February Server DRAM Contract Prices Rise 6%

The author is an analyst of NH Investment & Securities. He can be reached at hwdoh@nhqv.com. -- Ed.

 

Covid-19 has triggered some delays in memory semicon equipment investment in 1H20. However, chipmakers are unlikely to reduce their investment plans for 2020. And, some delays in investment should positively impact memory chip supply/demand.

Expect some delays in equipment investment in 1H20

Covid-19 has triggered delays in memory semicon equipment investment in 1H20. In detail, equipment investment is being delayed due to overseas equipment makers’ ban on travelling to Korea and China, and disruptions to engineers’ commuting plans in China. Such developments will inevitably have some negative effects on equipment makers’ 1H20 earnings.

That said, full-year semicon investment should remain intact in 2020. We expect Samsung Electronics (SEC) to maintain its investment plans (DRAM 50K wpm, NAND 85K wpm), as should SK Hynix (DRAM 30K wpm). Accordingly, semicon equipment makers’ full-year results are likely to meet consensus.
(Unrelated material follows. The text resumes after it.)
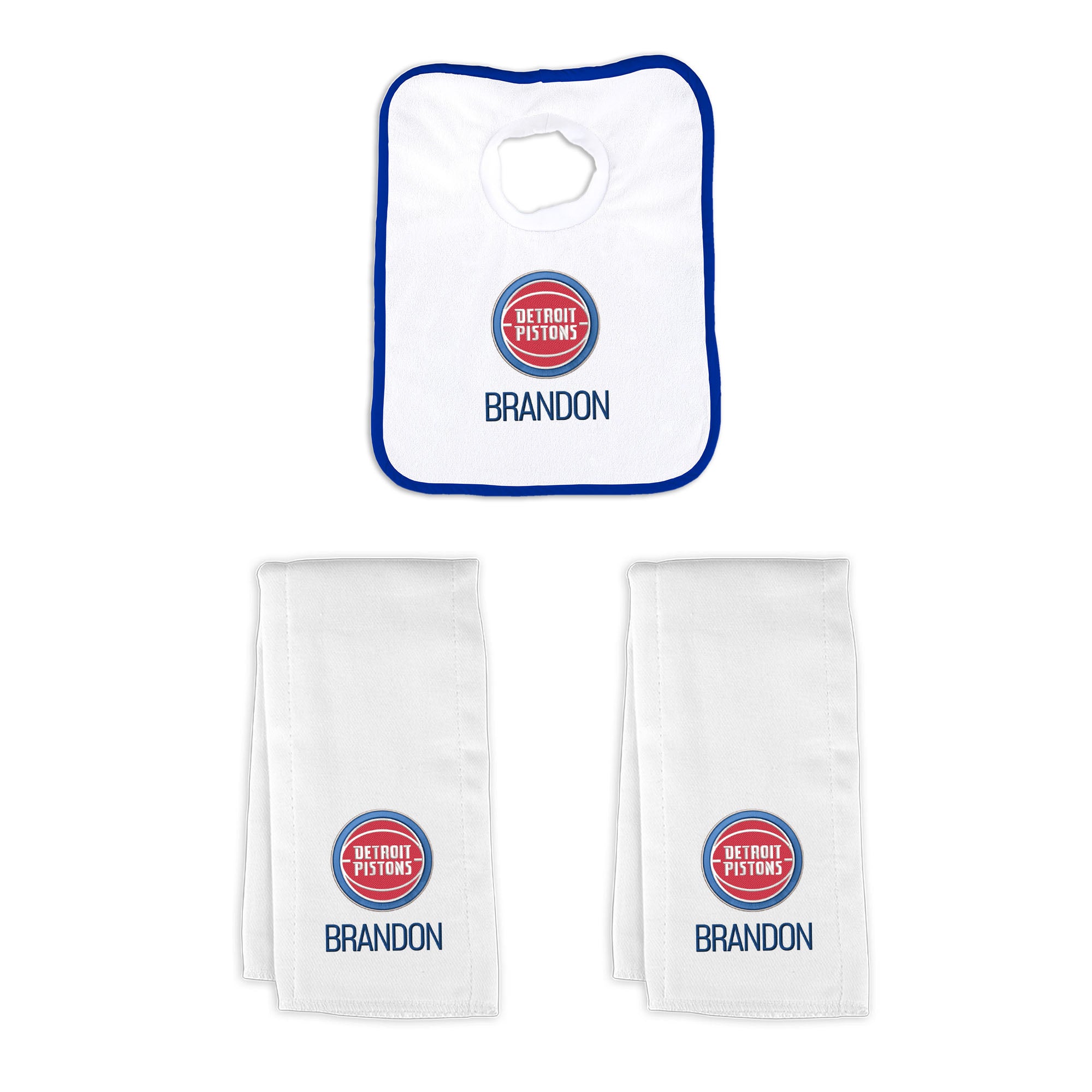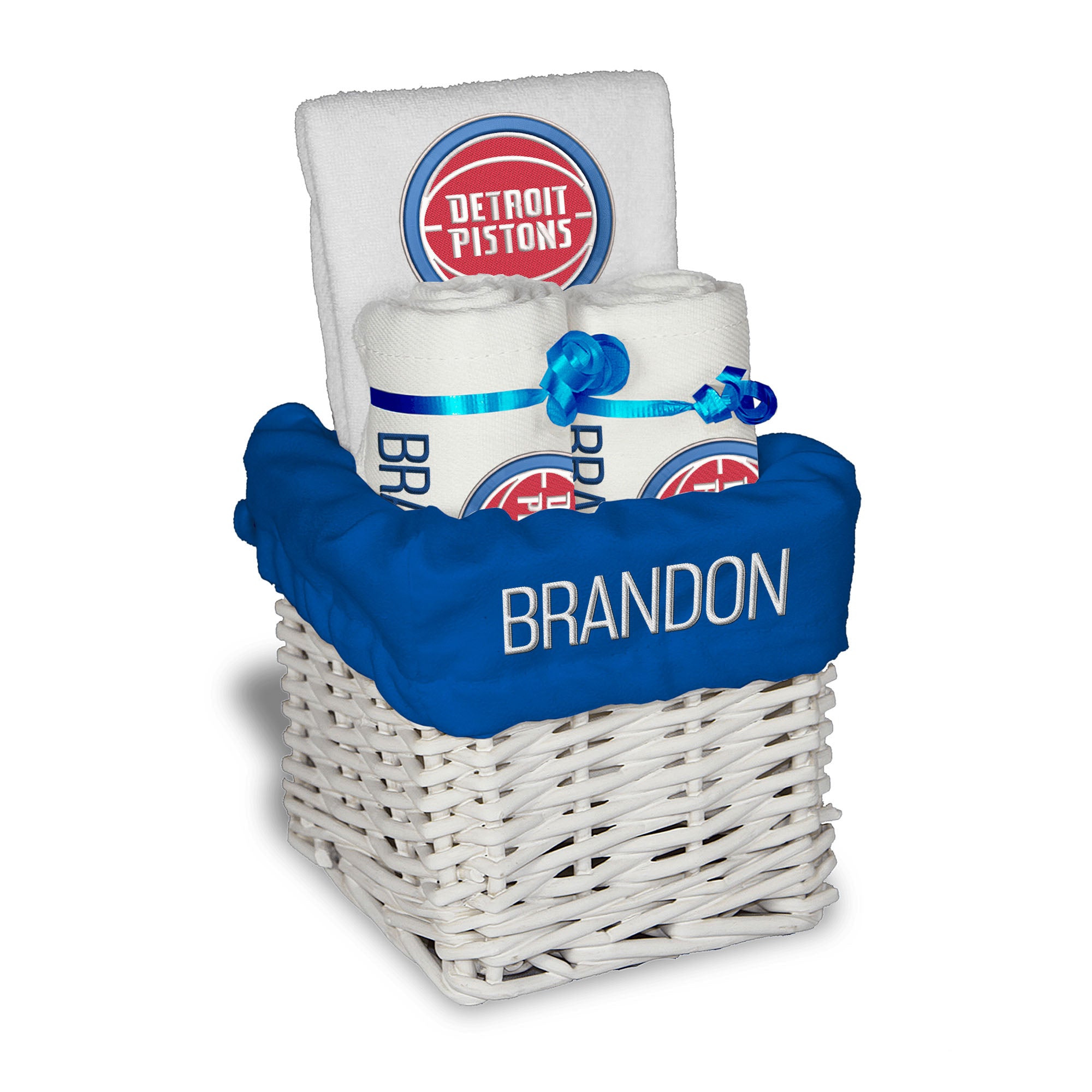 Our Personalized Detroit Pistons Small Gift Basket contains 3 of our best-selling items packaged in a white willow basket with a personalized cotton liner. Each basket holds 2 of our 100% cotton burp cloths and a 100% cotton terry pullover bib. each piece is embroidered with the official Pistons logo and baby's name or nickname.
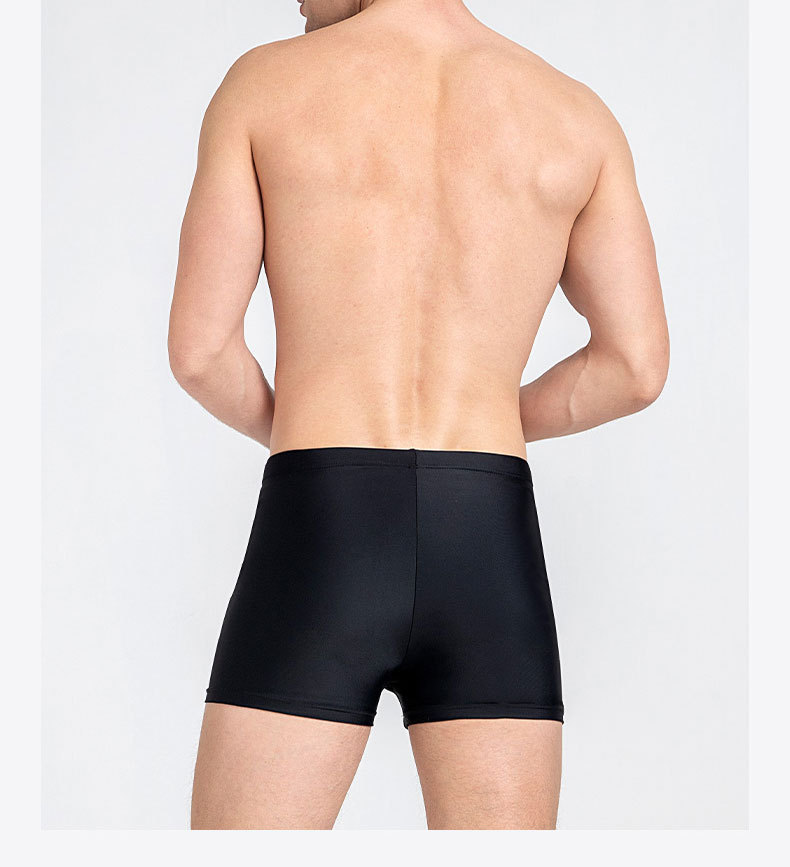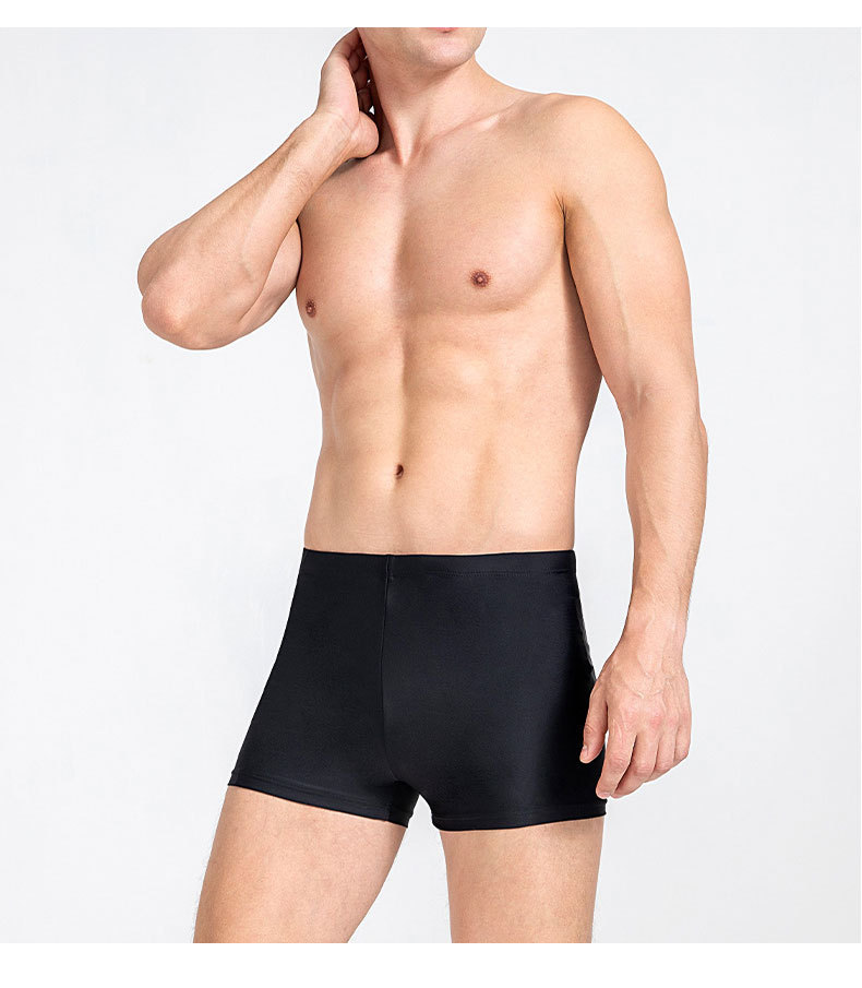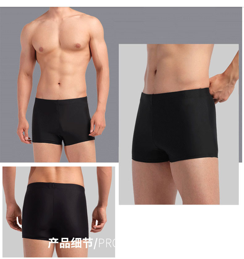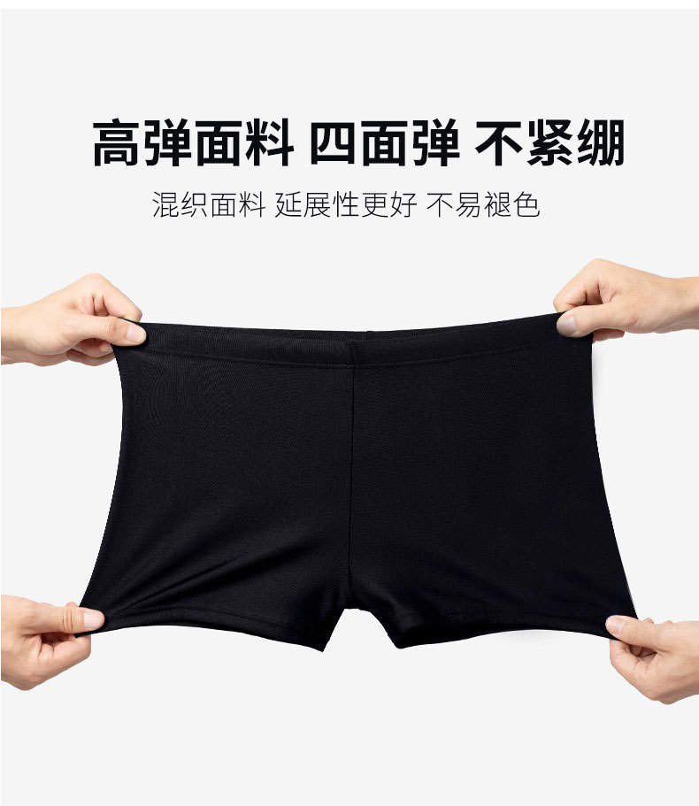 男性水泳パンツ平角ゆるい水泳パンツ純黒がビーチ温泉に入るファッション速乾水泳パンツ男性卸売り

Disrupted investment to positively impact memory demand

Meanwhile, delayed equipment investment should positively impact memory chip supply/demand. Consumers are rushing to buy memory products amid fears that supply will shrink due to investment delays, with purchases concentrating on server DRAM and PC DRAM rather than on mobile DRAM.

According to DRAMeXchange, DRAM spot prices have increased 6% since Feb 24. February server DRAM contract prices rose 6% m-m. We note that expanding data center traffic due to increased remote working and reduced participation in outdoor activities owing to the coronavirus outbreak has positively impacted server DRAM demand.